Tuesday, March 9, 2010

Deaf Services

Finding a job is hard. Keeping a job once you’ve found one can be just as hard. I know how difficult these things can be firsthand, but until recently I’d never considered just how much more difficult they could be. I have spent a lot of time mulling over all sorts of privilege, but it was shocking to realize just how complacent I’d been in my own abled privilege. What if a prospective employer wrote me off immediately because they assumed I was incompetent due to a disability? What if that same employer wrote me off just because my presence made them uncomfortable? These are only a couple of the difficulties faced by PWDs (People With a Disability), but each disability comes with its own difficulties as well. What if, for example, I was perfectly qualified for a job but lost it because I couldn’t communicate with an employer who would rather take someone less qualified than expend any effort on communication? The difficulty of working or even living in an environment where communication is difficult or impossible was brought to my attention when I spoke with the women in the La Amiga program, but it applies to another group as well – the deaf.

One reason my abled privilege took so long to dawn on me, at least where deaf people are concerned, is that none of the deaf people I have ever met – admittedly not many – seemed “disabled.” In fact when left to their own devices or among other deaf people they got by just as well as anyone else. Sure, they couldn’t hear, but they had access to a sophisticated visual language capable of conveying just as much specificity and meaning as any vocal one, and in a culture as literate and digital as ours what else would a person really need hearing for other than speaking with hearing people? The only time the deaf people I knew seemed frustrated or ill-equipped was when they had to do that very thing, and even then their difficulties more closely resembled those of a foreigner than a PWD*.

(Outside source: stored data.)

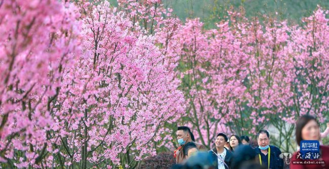3月6日,游人在四川省泸州市江阳区丹林镇建设村“樱花谷”欣赏盛开的樱花。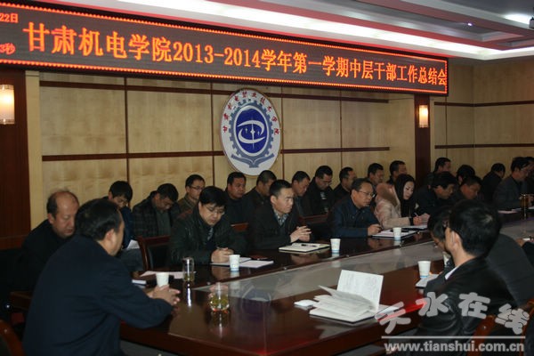 近日,甘肅機電職業(yè)技術(shù)學(xué)院召開2013-2014學(xué)年第一學(xué)期 “三三制” 中層干部工作總結(jié)會。學(xué)院領(lǐng)導(dǎo)班子成員出席會議并作具體點評,全體中層干部和中層干部助理參加,按要求總結(jié)全學(xué)期工作。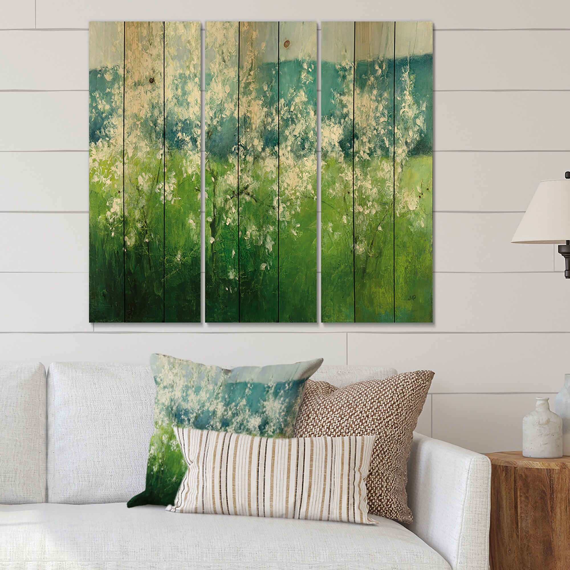 Designart 'Green Mountain Spring' Cottage Print on Natural Pine Wood - 3 Panels

Still, calling interaction with the hearing a deaf person’s “only” difficulty is a bit of a mischaracterization – they live every day of their lives in a culture built by and for hearing people who communicate through sound. If they’re lucky enough to live in a town of any size they will have access to a community of other deaf people to communicate with, but otherwise virtually everyone they meet, from cashiers to judges to mothers to friends, will not understand them or be understood by them. Also, because most of the social and emotional aspects of human communication are non-verbal and visual, they will be able to pick up on the annoyance, confusion, impatience, or pity in hearing people they try to communicate with.


This is unfortunate because no matter how competent a person is otherwise, a stumbling block this size can have drastic effects on their self-esteem and confidence, and once those are taken away self determination becomes almost impossible. Almost impossible and completely impossible aren’t the same however, and the Partnership is one of many groups across the country that offers services to help deaf people find employment, live independently, and regain and maintain confidence in their own abilities.

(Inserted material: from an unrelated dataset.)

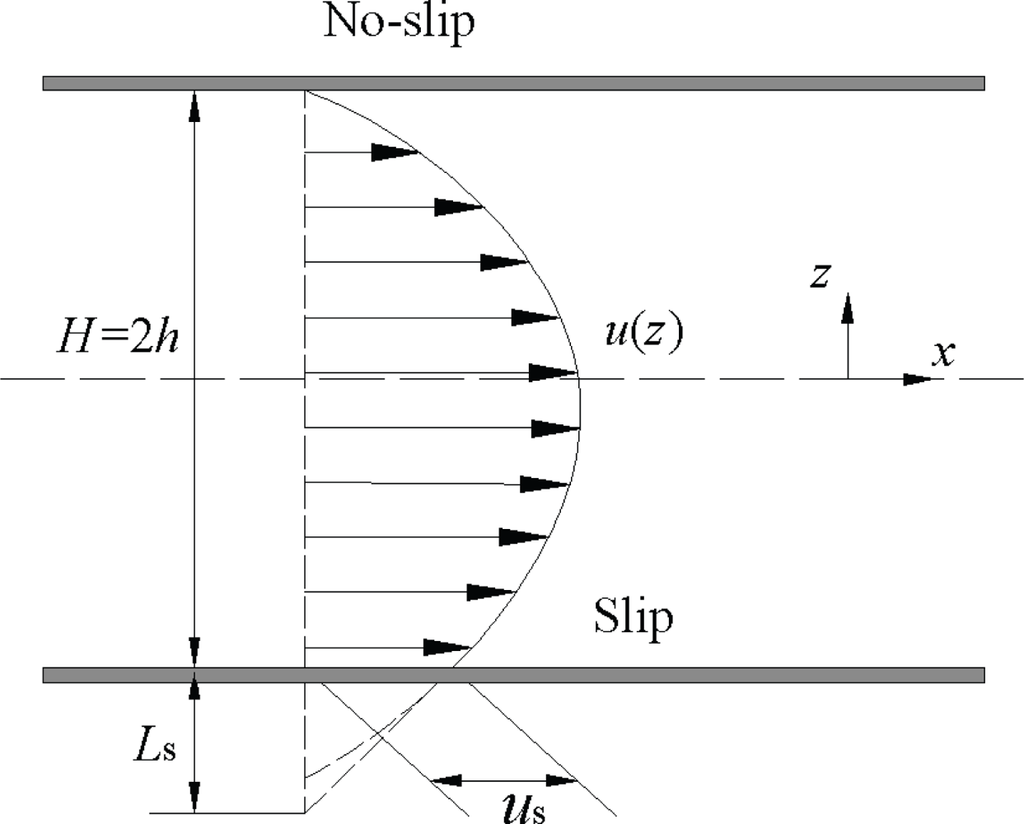 Studies on fluid mechanics at fluid-solid interfaces can be traced back to the early 19th century [34,35]. As early as in 1823, Navier pointed out that a fluid might slip on a solid surface, i.e., there is a velocity difference, called slip velocity, between the fluid and solid at a fluid-solid interface [36]. He also introduced the idea of ‘slip length’ to quantify the slip boundary condition. Thus, the slip velocity us is linearly related to the slip length Ls and interfacial shear rate by”

One such case is Olga Olegovna Sidlinskiy, a 17-year old daughter of a family of Russian immigrants, and one of nine children. She is the only member of her family who is deaf but even so, when her father became unemployed and her working-age siblings got jobs to support the family, Olga – who had never worked before - decided that it was only right to pitch in. However, she wasn’t sure what to do or how to do it until a staff member at the Harvest Christian Academy for the Deaf in Ringgold directed her to Sharon Bryant and the Partnership’s deaf services program.

It’s important to remember that deaf services, just like all of the Partnership’s other programs, works first and foremost to make it so that people won’t "need" help – empowering people to build better lives again. It would probably be easier (and cheaper) to hand people like Olga a proverbial fish and send them on their way, but they need to be fed for the rest of their lives. So Sharon opened her tackle box and got to work.

She helped Olga put together a resume, explained how the interview process works, and helped facilitate communication between Olga and her potential employers. Olga then went on, despite the abysmal state of the job market, to find work at an Olive Garden where her manager has nothing but praise for her and she is actually teaching her coworkers some signing. Like the other 36+ clients Sharon has helped in her two and a half years with the Partnership, Olga now has more than a job. She has something that most of the rest of us take advantage of every day: self determination.

*Speaking slower and louder works about as well on a deaf person as it does on, say, a Parisian, and it generally elicits the same reaction.